BTW: You can get status in Proper Japanese Society (TM) by working for a high-
status organization outside the country which you can convince to lateral you
over to Tokyo. Think of a massively high-status US organization: they probably
have dealings in Tokyo. There are a variety of ways to convince them to send
you to Japan. One fairly straightforward one is to know more Japanese than you
can find printed on a sushi menu, which will catapult you ahead of 99.8% of
their US employees for that opportunity.
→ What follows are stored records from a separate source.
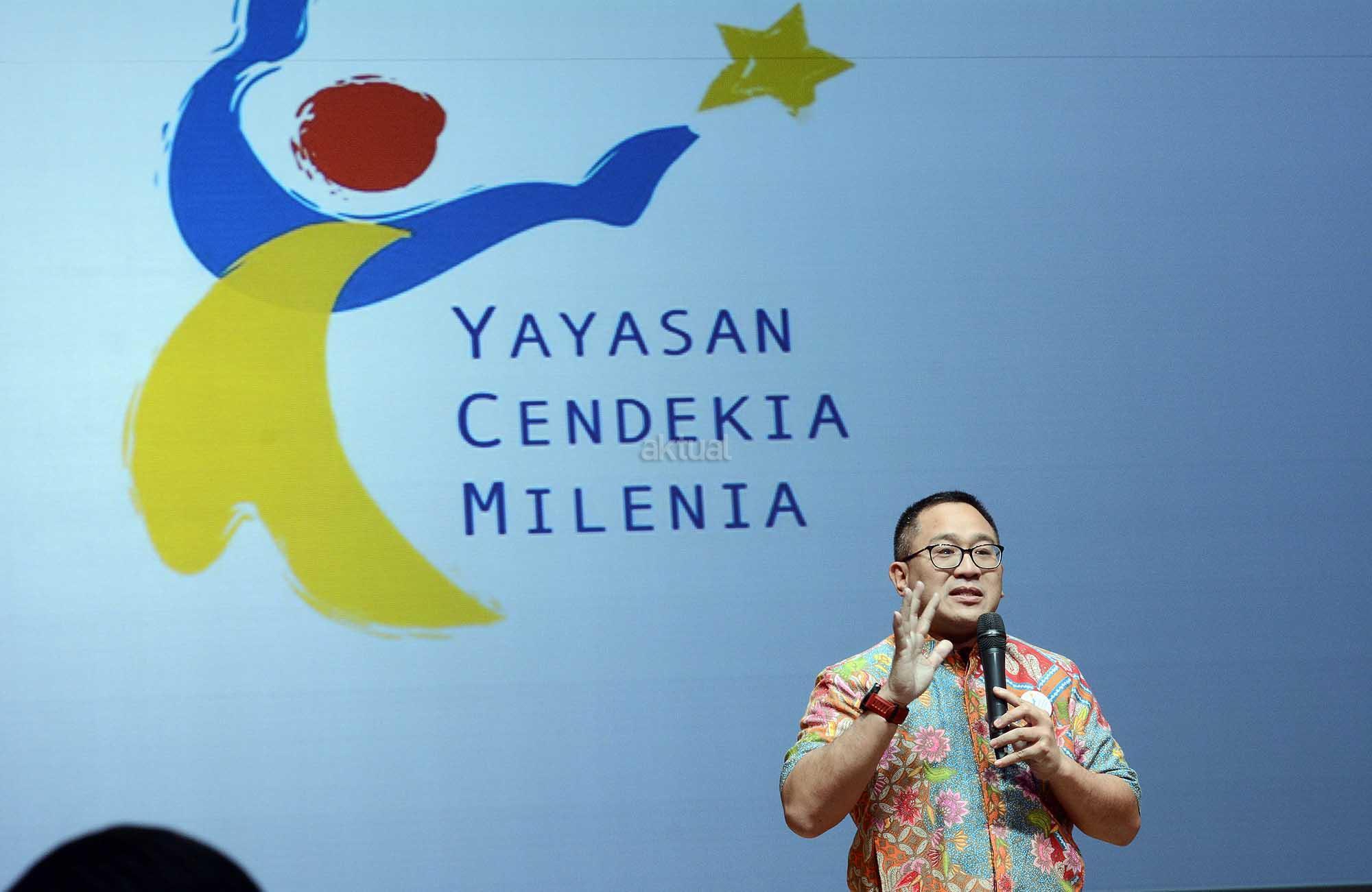 Dewan Pembina Yayasan Cendekia Milenia (YCM), Alexander Rusli menyampaikan sambutan pembuka dalam lelang untuk penggalangan dana bagi YCM dalam kesempatan Gala Dinner di Jakarta Kamis (18/11) malam. AKTUAL/Eko S Hilman
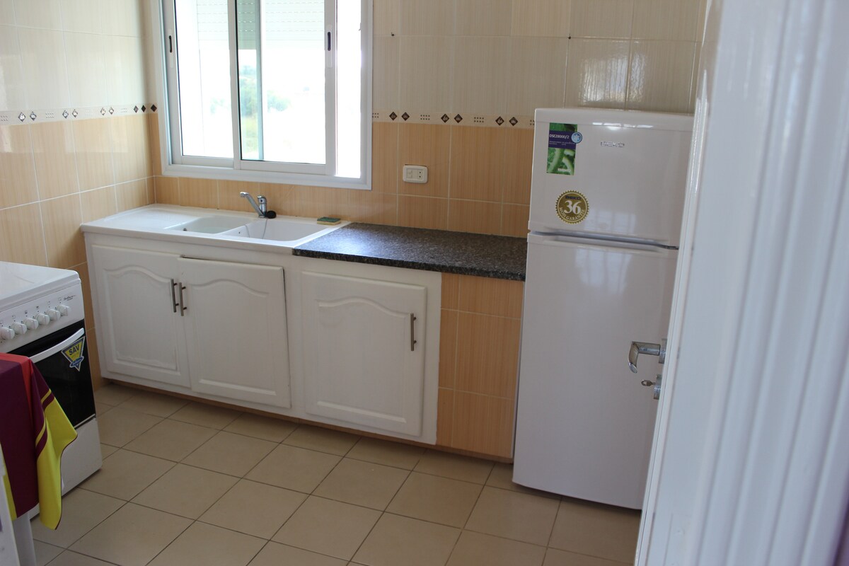 Apartment on the 3rd floor (with elevator) with direct sea view. This apartment features a master suite, 2nd bedroom, living room, kitchen and shower room. 100 m from the beach, the apartment is located in a quiet area halfway between the city center of Mahdia and the tourist area (2 km), it is close to different shops (gazebo, tea room, shops...).
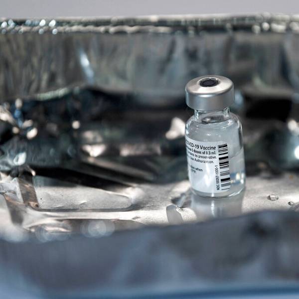 Un frasco con la vacuna de Pfizer-BioNTech contra el COVID-19 está listo para su uso. Foto: AP

The specifics of how to do this and
how hard it would be depend on the organization: I have heard of places where
Tokyo is considered a hardship post and have heard of places where Tokyo is
considered the kind of place you kick butt and take names for a career to get
a stint in. (And would have had ZERO luck identifying those prior to hearing
anecdotes from inside. Sorry, can't identify them without breaking
confidences.)

------
gacba
Sum it up this way: The difference between _good_ and _great_ is persistence.

Anyone can be good by ability, the great manifest it forcefully.

------
georgieporgie
I'm curious where the author found 100 jobs to apply for.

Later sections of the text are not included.